▶ _Aim of the task_
From the listing below, restate word for word the lines from the line containing "Рост объемов размещений" down through the line containing "The Moscow Kremlin". Exclude pictures.

▶ _Data to use_
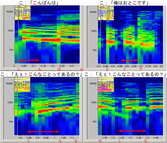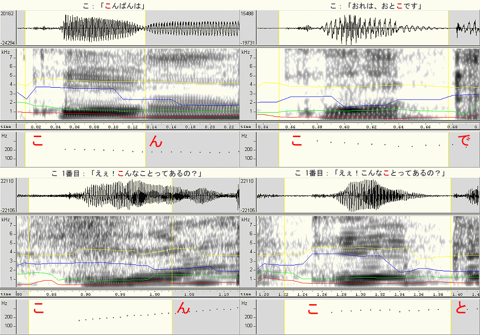 | 「こ」の比較 (時間幅は揃えてありません) |
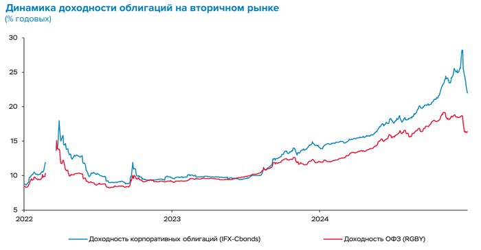Рост объемов размещений наблюдался и на рынке корпоративных облигаций, где портфель обращающихся бумаг (по непогашенному номиналу) увеличился на 5,8 трлн рублей (+22,9% г/г), до 30,0 млрд рублей.
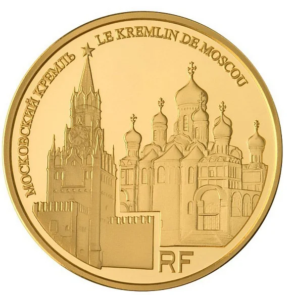 The Moscow Kremlin depicted by the Spasskaya Tower and Annunciation Church, with "RF" below. The edge reads "МОСКОВСКИЙ КРЕМЛЬ" and "THE KREMLIN OF MOSCOW" in Russian and French.
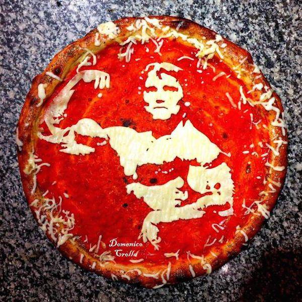 Skotlannin Glasgowssa ravintoloitsija Domenico Crolla on muotoillut pizzoihinsa erilaisten julkkisten kuvia. Bella Napoli nimisessä ravintolassa muotoiluun käytetään pizzakastiketta ja mozzarella-juustoa. Tarkan kädentyön jäljen huomaa varsinkin läheltä katsottuna kuinka mozzarellaa on huolellisesti leikattu kastikkeen päälle muotoonsa. Tästä voisivat ottaa mallia myös Suomen ravintoloitsijat!
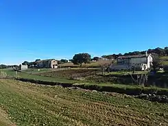 ![]() En primer plano, casilla ferroviaria. Al fondo, edificio de viajeros (enero de 2019). | ||
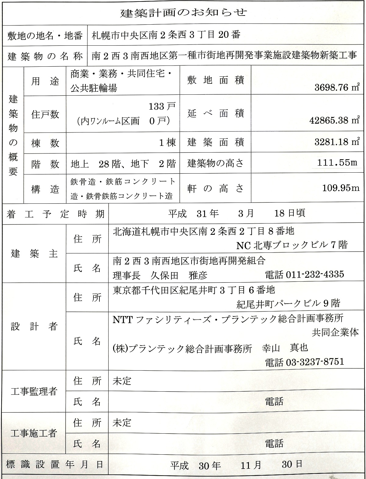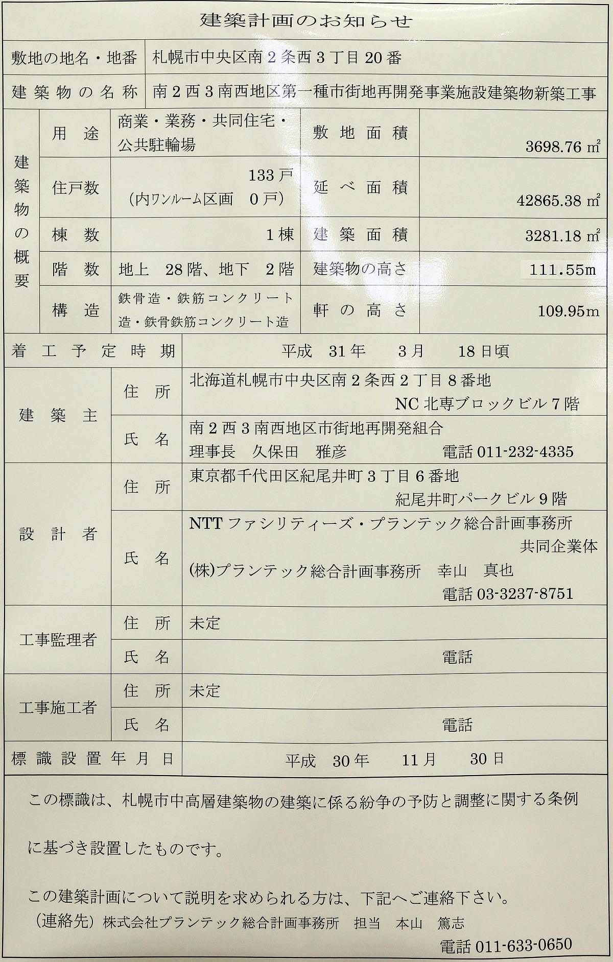 ¡¡µ¬ÌϤÏÃϾå28³¬¡¢Ãϲ¼2³¬¡¢¹â¤µ109.95m¡¢ºÇ¹â¹â¤µ117.14m¡¢ÉßÃÏÌÌÀÑ3,698.76Ö¡¢·úÃÛÌÌÀÑÌó3,280Ö¡¢±ä¾²ÌÌÀÑÌó4Ëü3610Ö¡¢Áí¸Í¿ô133¸Í¡¢·úÃÛ¼ç¤ÏÆî2À¾3ÆîÀ¾Ã϶è»Ô³¹ÃϺƳ«È¯Áȹç¤Ç»²²ÃÁȹç°÷¤ÏÂçµþ¡¢¥æ¥Ë¥Û¡¼¡¢»¥ËÚ»Ô¡¢Ê¬¾ù¥Þ¥ó¥·¥ç¥ó¤ÎÇä¼ç¤ÏÂçµþ¡¢Àß·×¼Ô¤ÏNTT¥Õ¥¡¥·¥ê¥Æ¥£¡¼¥º¡¦¥×¥é¥ó¥Æ¥Ã¥¯Áí¹ç·×²è»ö̳½ê¡¢»Ü¹©¼Ô¤Ïº´Æ£¹©¶È¡¦´äÅÄÃϺê·úÀß¡¦´äÁÒ·úÀß¶¦Æ±´ë¶ÈÂΤÇ2023ǯ4·î28Æü½×¹©¡¢2023ǯ½Õ³«¶È¡¢2023ǯ5·î10ÆüÆþµï³«»ÏͽÄê¤È¤Ê¤Ã¤Æ¤¤¤Þ¤¹¡£
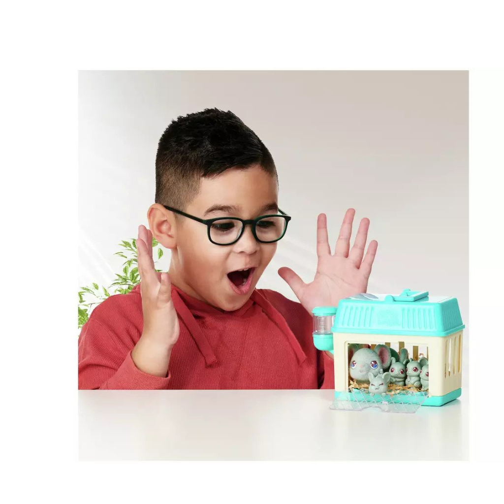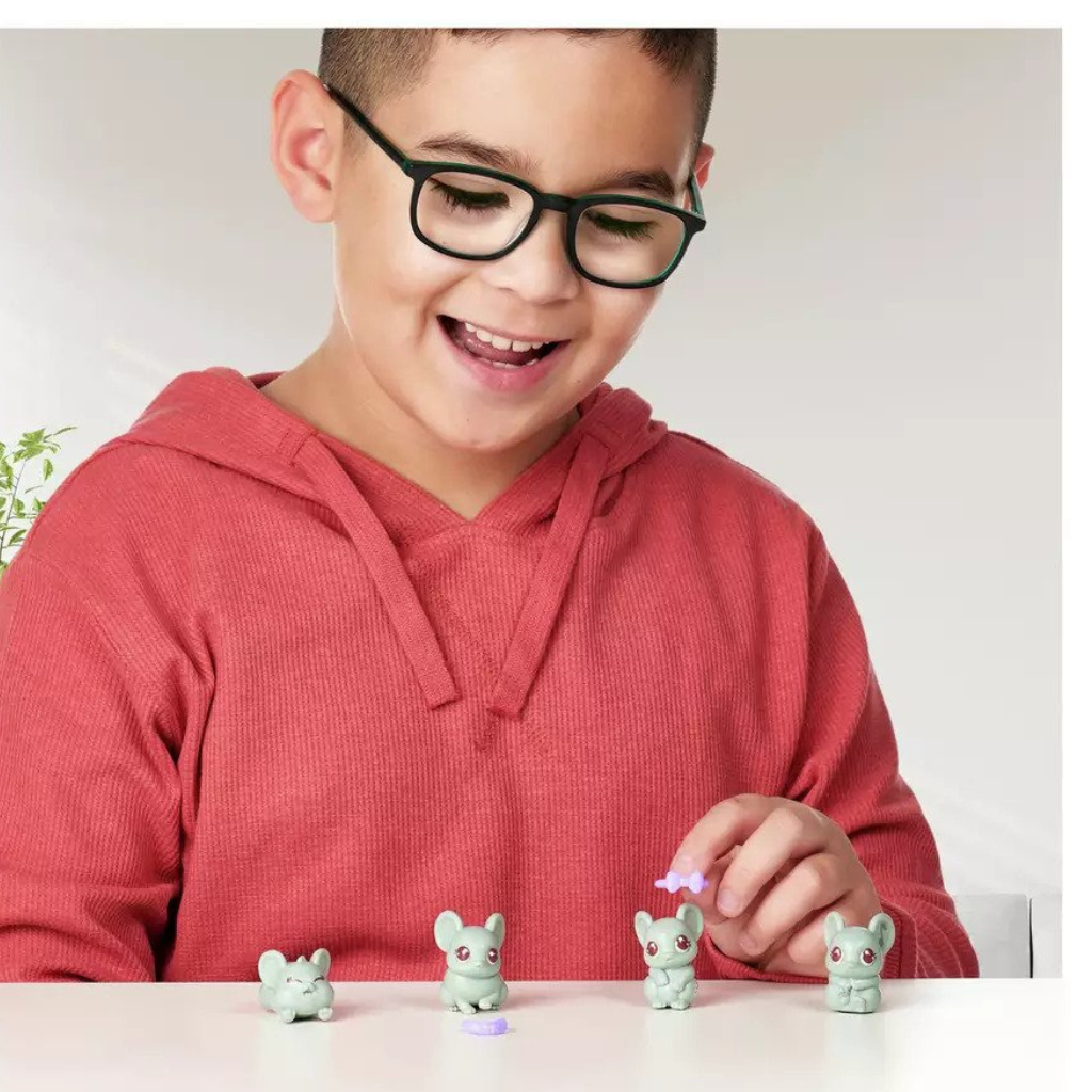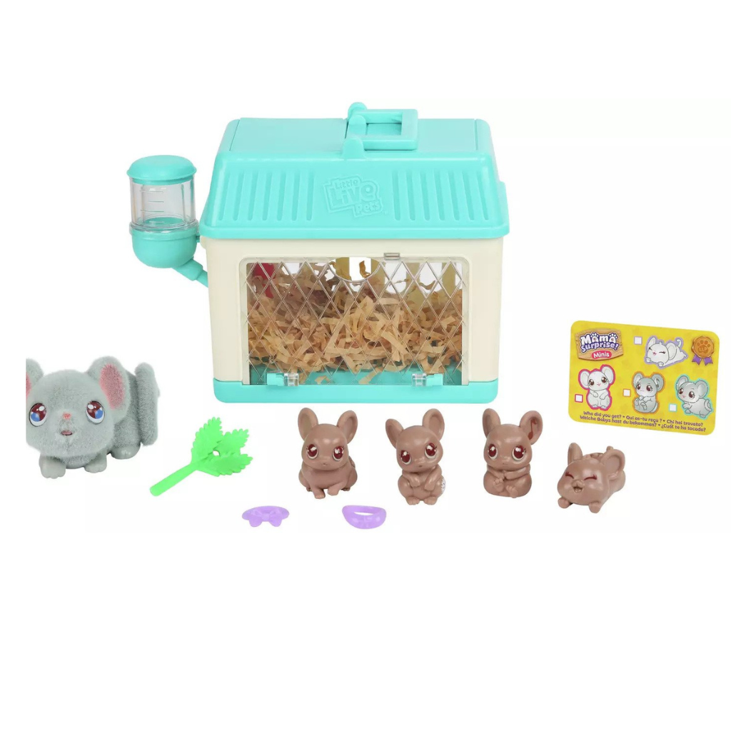This cuddly mouse mummy is expecting babies! Feed her the toy celery and give her some water. Once the babies arrive, you'll have lots of friends to play with!
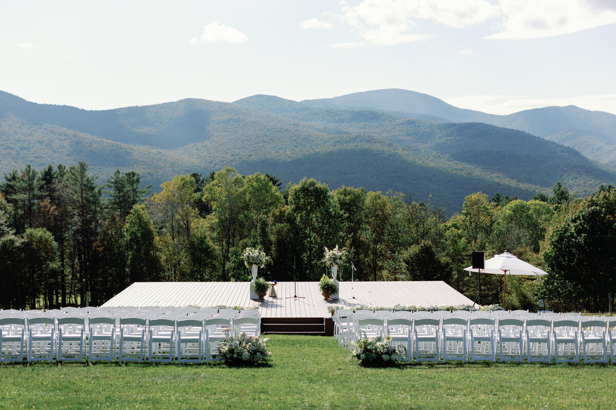 Our large, hilltop Wedding Meadow, with a panoramic view of the mountain ranges surrounding Stowe, is secluded from the Main Lodge. It is an idyllic setting for a tented wedding ceremony or reception. In this space, the sky truly is the limit.
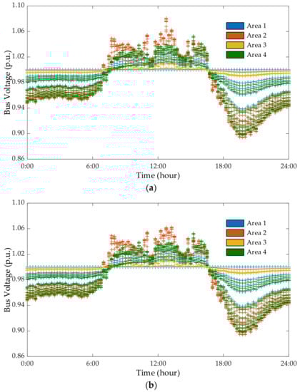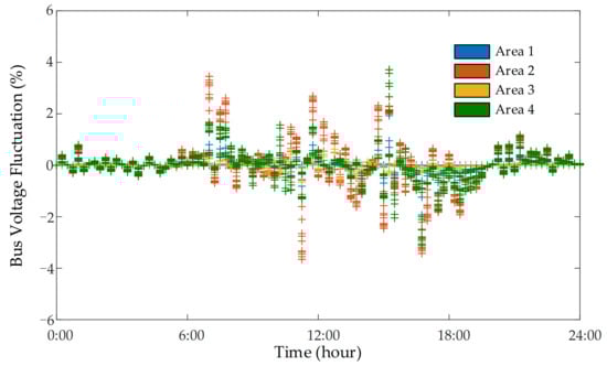 As shown in the figure, the obvious voltage violation and fluctuation in the system mainly appears in Area 2 and Area 4. Bus voltage violation occurs in 21 buses, more than 60%. At about the time of 13:00, due to the peak photovoltaic output, the system bus voltage exceeded the limit seriously, up to about 1.20 p.u. According to the relevant standard of the allowable voltage range in distribution network, the voltage at noontime has seriously exceeded the allowable range. Meanwhile, in the time period of 11:00 to 15:00, the voltage difference at each measured time is relatively large, which will cause serious voltage violation and fluctuation. At about the time of 20:00—that is, the photovoltaic output is zero and the load power consumption reaches the peak value—the voltage shortage is serious. The voltage fluctuation is defined as the percentage of voltage change based on the previous time in the paper, and the voltage fluctuation is more than 6% by calculation. However, due to the lack of regulation capacity of photovoltaic at night, the paper mainly analyzes the time period from 7:00 to 18:00, which demonstrates obvious impact from photovoltaic power, and the time period after 20:00 is not considered.
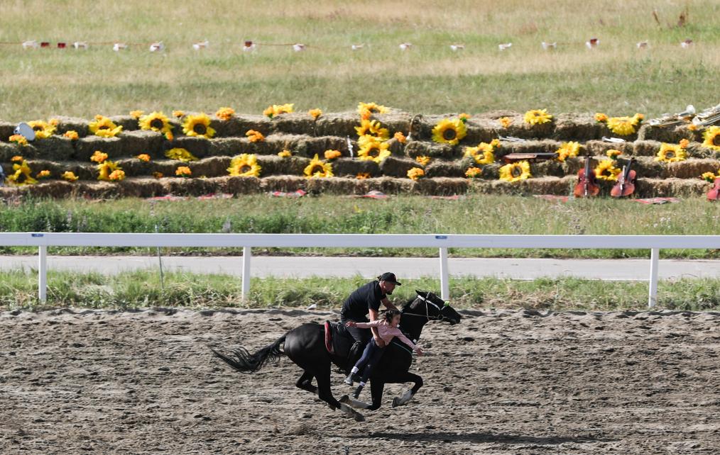 在新疆烏魯木齊汗血馬基地,希爾扎提和女兒夏克拉一起在為游客表演(7月23日攝)。新華社記者 耿馨寧 攝

▶ _Response box_
Рост объемов размещений наблюдался и на рынке корпоративных облигаций, где портфель обращающихся бумаг (по непогашенному номиналу) увеличился на 5,8 трлн рублей (+22,9% г/г), до 30,0 млрд рублей.
 The Moscow Kremlin depicted by the Spasskaya Tower and Annunciation Church, with "RF" below. The edge reads "МОСКОВСКИЙ КРЕМЛЬ" and "THE KREMLIN OF MOSCOW" in Russian and French.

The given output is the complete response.